*** EXTRACTED DATA Section Begins ***

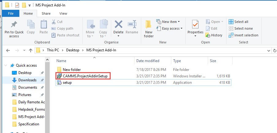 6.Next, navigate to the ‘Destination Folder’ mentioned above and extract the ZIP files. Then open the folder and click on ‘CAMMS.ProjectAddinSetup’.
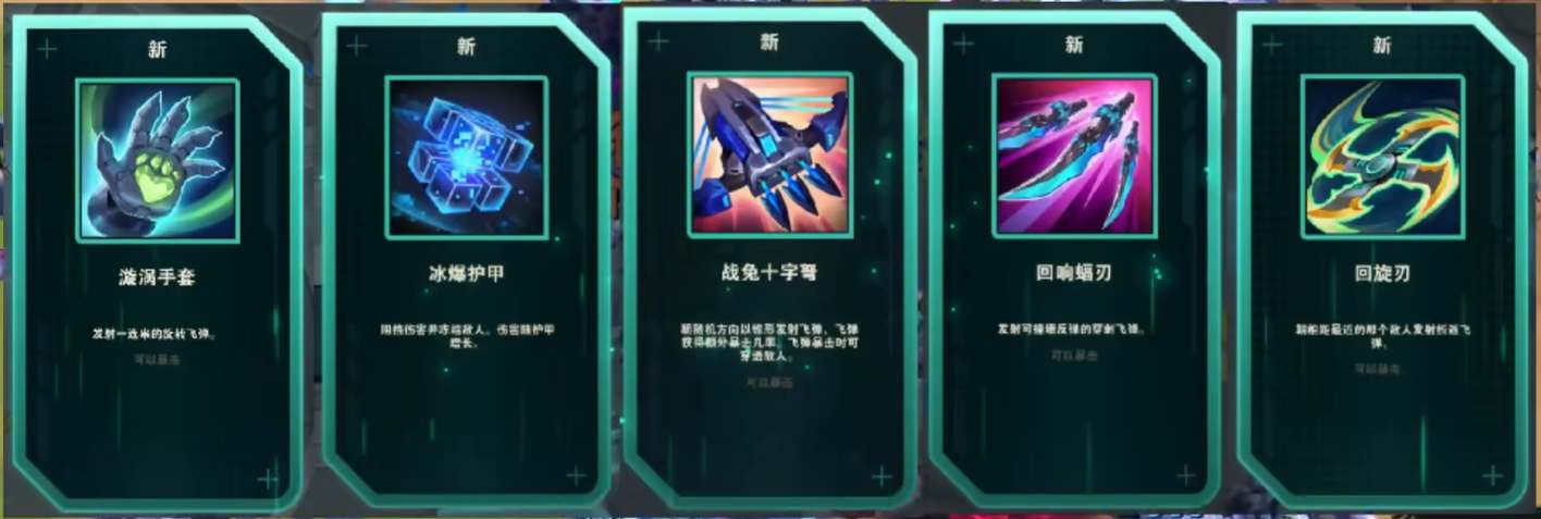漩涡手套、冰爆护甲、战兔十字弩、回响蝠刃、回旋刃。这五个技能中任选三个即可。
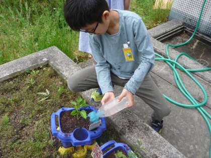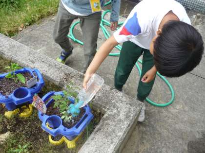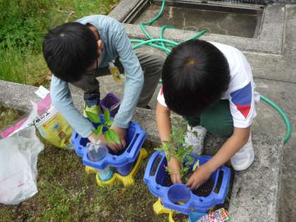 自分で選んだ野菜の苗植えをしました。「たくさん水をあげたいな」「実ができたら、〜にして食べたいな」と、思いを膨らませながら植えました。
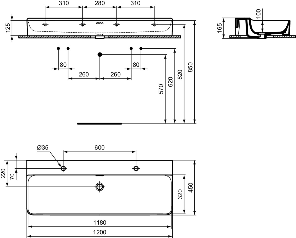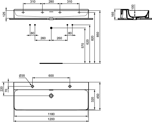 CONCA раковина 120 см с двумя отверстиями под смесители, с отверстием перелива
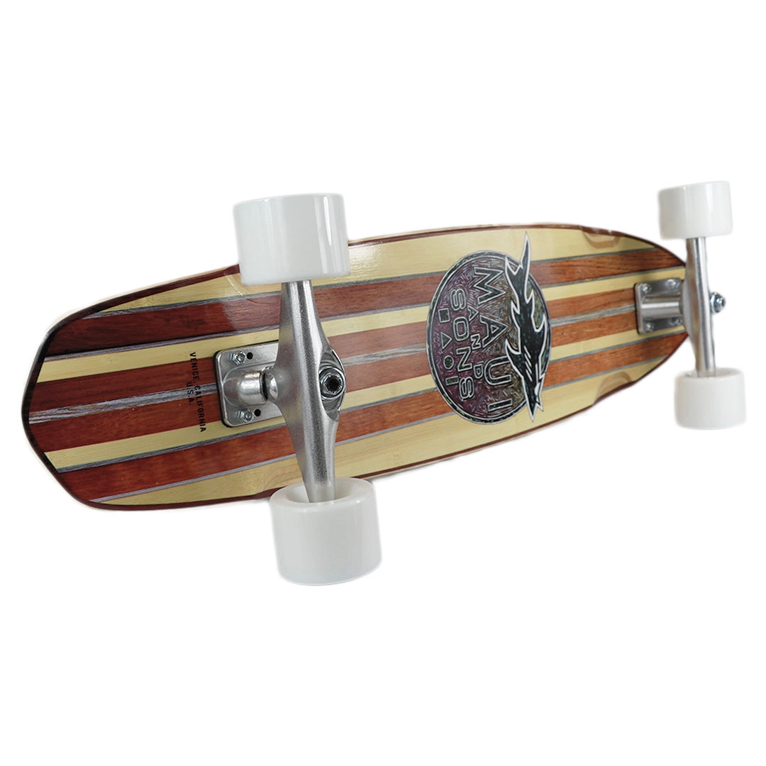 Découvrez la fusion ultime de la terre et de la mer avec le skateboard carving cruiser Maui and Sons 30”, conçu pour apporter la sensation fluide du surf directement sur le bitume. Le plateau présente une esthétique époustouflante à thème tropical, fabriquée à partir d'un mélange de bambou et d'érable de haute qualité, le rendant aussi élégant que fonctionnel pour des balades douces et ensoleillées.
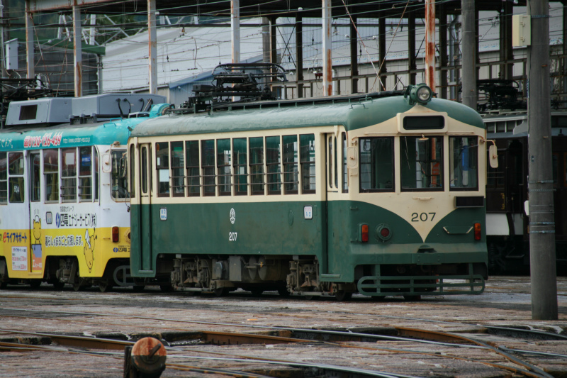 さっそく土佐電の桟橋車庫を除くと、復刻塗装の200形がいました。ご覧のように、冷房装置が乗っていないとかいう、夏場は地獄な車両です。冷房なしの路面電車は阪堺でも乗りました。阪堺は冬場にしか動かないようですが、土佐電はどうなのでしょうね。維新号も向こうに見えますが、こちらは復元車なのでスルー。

*** EXTRACTED DATA Section Ends ***

**YOUR ASSIGNMENT:**
Each entry is to be returned precisely as it appears, but the pictures are to be dropped.

**ANSWER SECTION:**
 6.Next, navigate to the ‘Destination Folder’ mentioned above and extract the ZIP files. Then open the folder and click on ‘CAMMS.ProjectAddinSetup’.
漩涡手套、冰爆护甲、战兔十字弩、回响蝠刃、回旋刃。这五个技能中任选三个即可。
 自分で選んだ野菜の苗植えをしました。「たくさん水をあげたいな」「実ができたら、〜にして食べたいな」と、思いを膨らませながら植えました。
 CONCA раковина 120 см с двумя отверстиями под смесители, с отверстием перелива
 Découvrez la fusion ultime de la terre et de la mer avec le skateboard carving cruiser Maui and Sons 30”, conçu pour apporter la sensation fluide du surf directement sur le bitume. Le plateau présente une esthétique époustouflante à thème tropical, fabriquée à partir d'un mélange de bambou et d'érable de haute qualité, le rendant aussi élégant que fonctionnel pour des balades douces et ensoleillées.
 さっそく土佐電の桟橋車庫を除くと、復刻塗装の200形がいました。ご覧のように、冷房装置が乗っていないとかいう、夏場は地獄な車両です。冷房なしの路面電車は阪堺でも乗りました。阪堺は冬場にしか動かないようですが、土佐電はどうなのでしょうね。維新号も向こうに見えますが、こちらは復元車なのでスルー。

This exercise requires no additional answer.